Some of the latest victims? Employees at Crypto.com, a Singapore-based crypto exchange founded in 2016, who announced on Thursday that it had cut 12% of its workforce.

And like many of the firms reducing their workforce, Crypto.com broadly blames their actions on one thing: artificial intelligence.

“We are joining the list of companies integrating enterprise-wide AI,” Kris Marszalek, Crypto.com’s CEO and co-founder, said.

“Companies that do not make this pivot immediately will fail.
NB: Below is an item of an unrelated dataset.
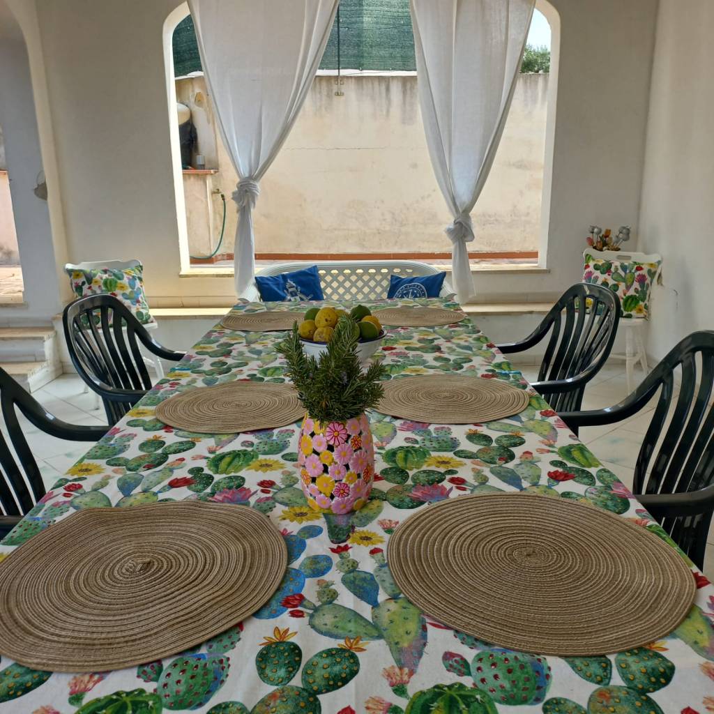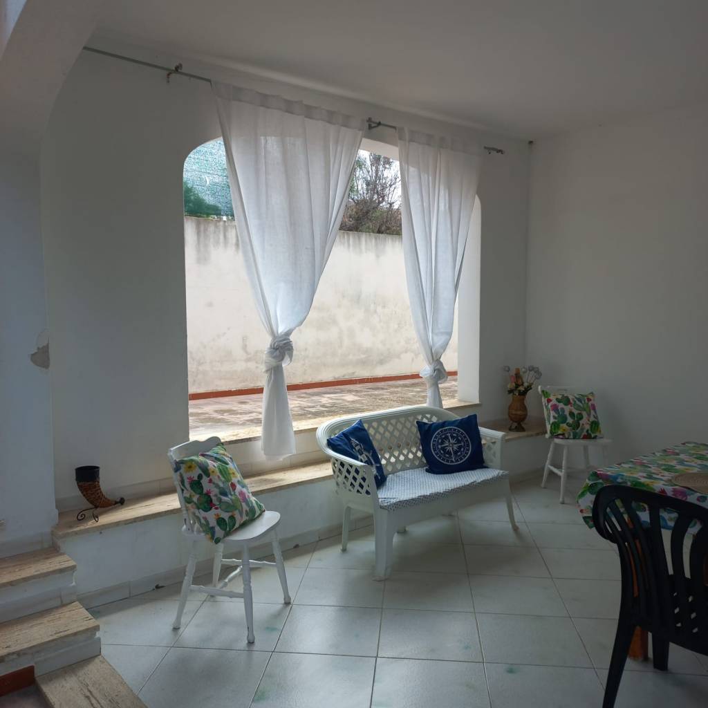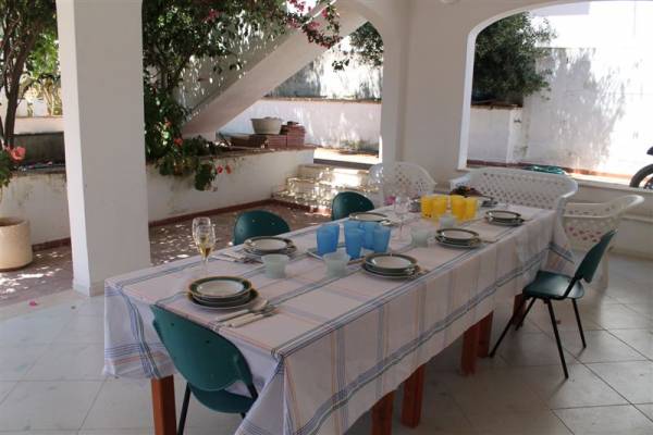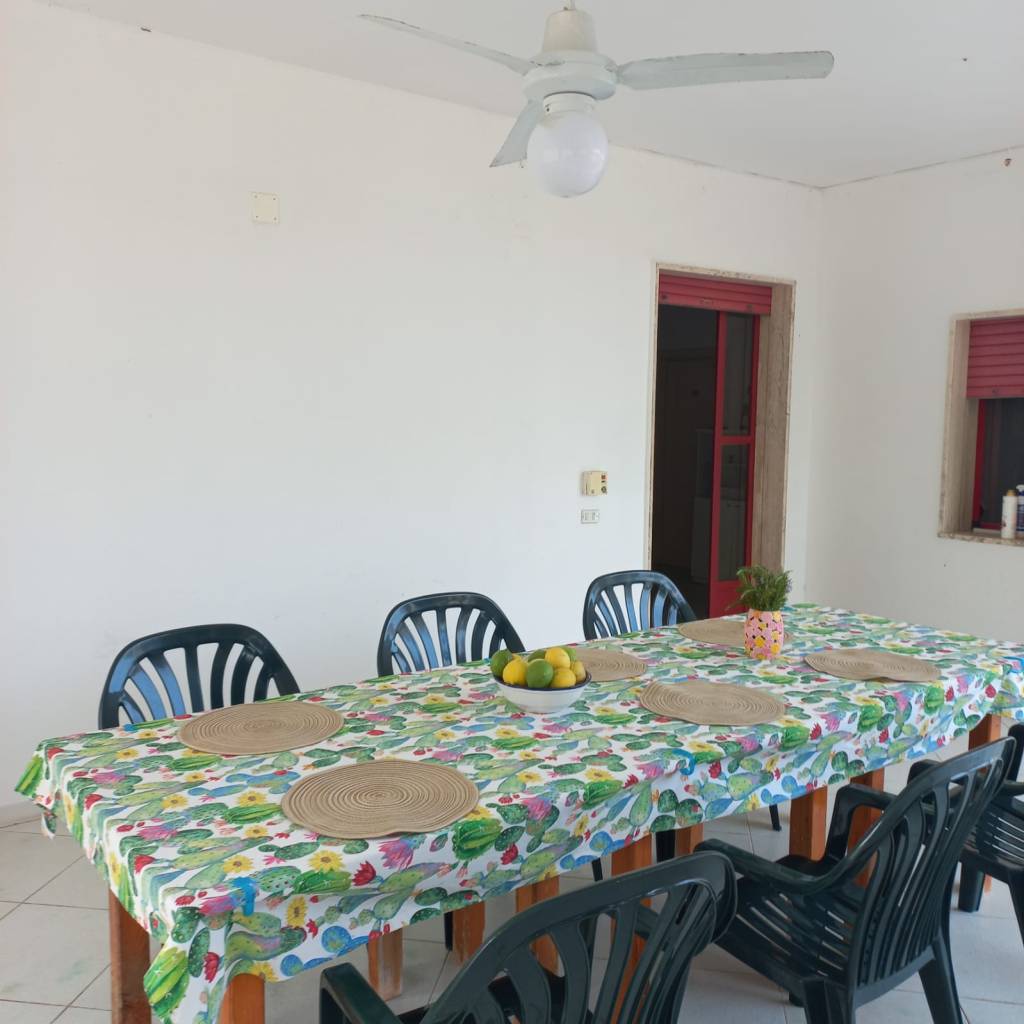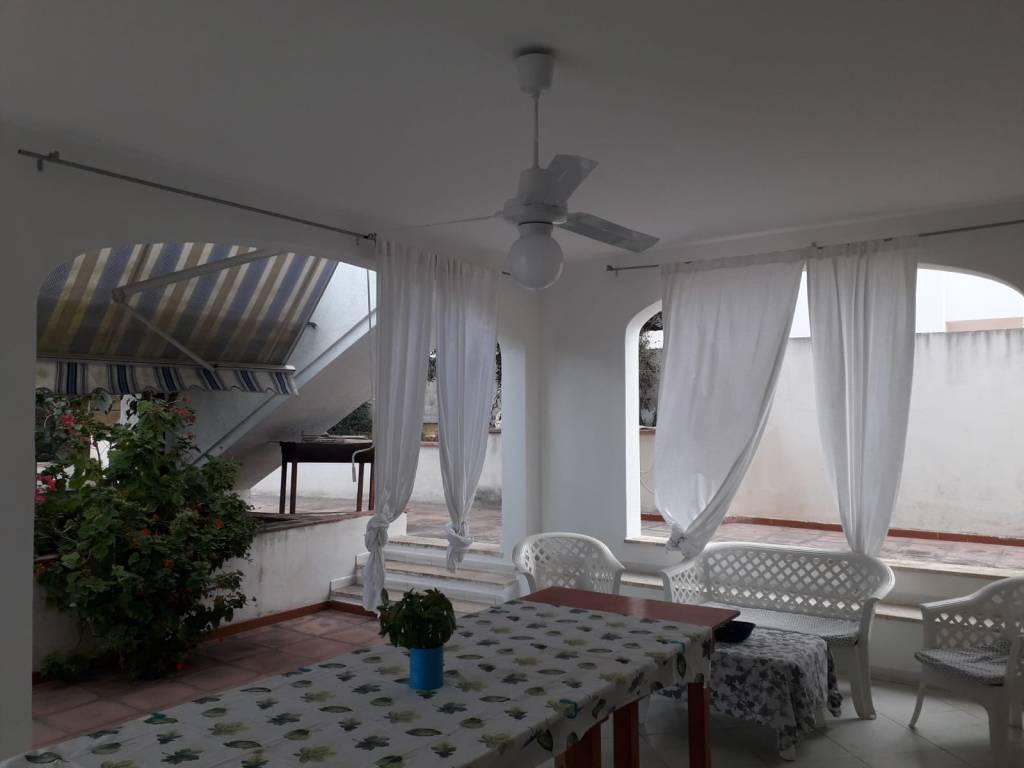 INTERNI: P.T.:(mq 80+ mq 80 porticati piano terra + mq 30 porticato 1º piano) ingresso/soggiorno/pranzo (con letto divano e lettino richiudibile), due camere da letto (una matrimoniale l'altra con due letti singoli), cucina, bagno con doccia e lavatrice. La casa à dotata di un condizionatore d'aria centrale. Portico antistante e retrostante con tavolo dove si può soggiornare e consumare i pasti all'aperto. Cortile con posto auto. Doccia esterna. Spazio esterno con giardino ed alberi. Arredamento confortevole.

Companies that move immediately and pair the best AI tools with top-performers will achieve a level of scale and precision that was previously impossible.”

The exchange joins more than half a dozen crypto firms that have announced similar layoffs since the start of the year, which includes fellow exchange Gemini, data platform Messari, and Optimism Labs, the firm behind the Ethereum layer 2 blockchain.
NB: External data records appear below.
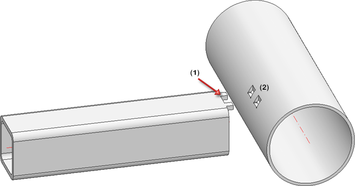Diese Funktion erzeugt an einem Teil die Bearbeitungen (2), d.h. die Bohrungen und Ausnehmungen, in die die Nocken eines Teils (1) passen.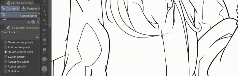 Utilisez le sous-outil Point de contrôle Redessiner l'épaisseur du trait vectoriel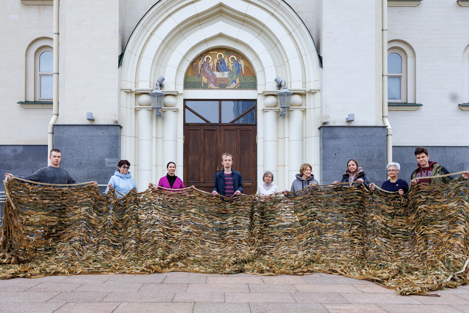 Сейчас волонтеры работают на базе, предоставленной храмом Андрея Рублева на ул. Раменки, д. 2. Настоятель храма отец Андрей отметил, что прихожане активно поддерживают инициативу, а сам он несколько раз лично доставлял грузы на линию фронта. Добровольцы создают различные виды маскировочных сетей — от совсем компактных вариантов до крупных — площадью шесть на десять метров. По их оценкам, общее количество сшитых сетей уже достаточно, чтобы покрыть территорию примерно 50 футбольных полей.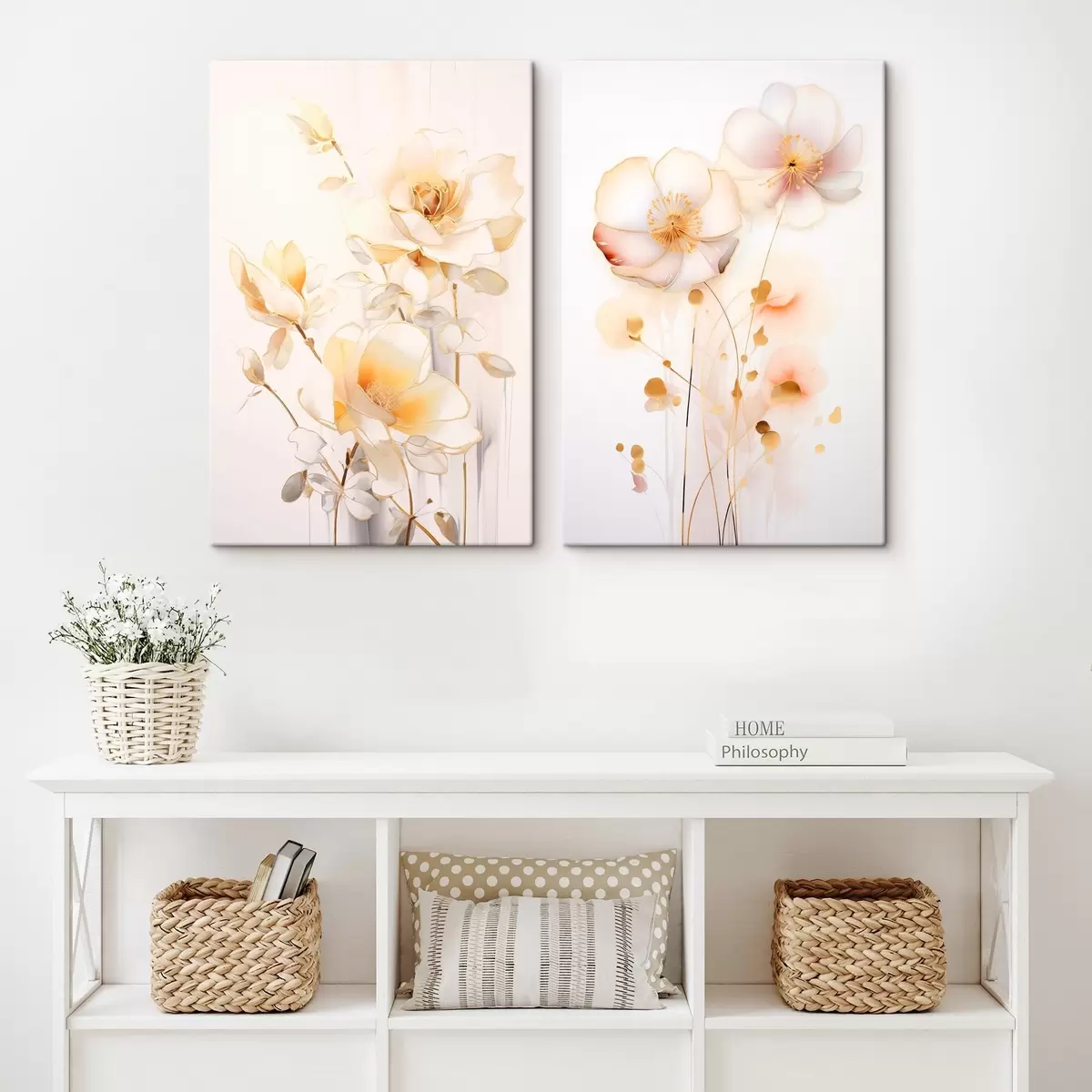 Obraz Kvetinový duet: jemný diptych v akvarelovom štýle s elegantnými líniami Nr. m00577

For years, analysts have warned that as AI develops it will increasingly replace white collar employees, particularly in administration, customer service, and entry-level roles.

AI window dressing?

It’s not just crypto firms cutting jobs and blaming it on AI.

Amazon, Meta, Atlassian, and dozens more firms have also laid off thousands of employees in recent years as they pivot to integrating AI into their workflows.

Yet it’s unclear if these firms are simply window dressing pre-planned cutbacks by framing them as efficiency gains brought about by AI adoption.

In January, research conducted by Oxford Economics, an independent global advisory firm, cast doubt on the idea that AI is to blame for increasing unemployment.

According to the firm’s analysis, “firms don’t appear to be replacing workers with AI on a significant scale,” suggesting companies may be using the technology as a cover for routine headcount reductions.

What’s more, some companies are reportedly rehiring staff they initially thought they could replace with AI, indicating the technology is not yet fully mature for mass replacement.

Earlier this week, Block, the fintech firm behind Cash App, quietly rehired some of the 4,000 employees it laid off last month as part of its AI-driven restructuring.

Still, many of the crypto firms cutting jobs are keen to advertise them as a necessary consequence of increasing their efficiency through AI.

“We’re doubling down on Messari as an AI-first company serving institutions through research and AI products,” Diran Li, the firm’s new CEO, said on Monday after previous CEO Eric Turner stepped down amid widespread job cuts at the firm.

It’s a similar story over at Gemini, the crypto exchange started by Cameron and Tyler Winklevoss.

“Not using AI at Gemini will soon be the equivalent of showing up to work with a typewriter instead of a laptop,” the exchange said in a Thursday letter to shareholders. “As a result, we have reduced the size of our workforce by roughly 30% since the start of 2026.”

Not just AI

Not everyone is blaming AI for their job cuts, however.

Optimism Labs, one of the most active organisations scaling the Ethereum blockchain, cut some 20 jobs on March 12.

“This is about doing fewer things well, making decisions faster, and reducing coordination overhead,” Jing Wang, the firm’s CEO, said.

The cuts come after Coinbase announced plans to stop sharing revenue from its layer 2 network Base with Optimism in February.

More recently, the Algorand Foundation, a nonprofit that helps develop the Algorand blockchain, announced that it had cut its workforce by 25%.

“This decision was not taken lightly and is in response to the uncertain global macro environment as well as the broader downturn in crypto markets,” the foundation said on Wednesday.

Since the start of the month, the US and Israel’s war with Iran has caused oil and gas prices to soar, sending shockwaves throughout the global economy.

Analysts warn that a spike in inflation driven by higher oil prices could spell further trouble for stocks, gold and crypto.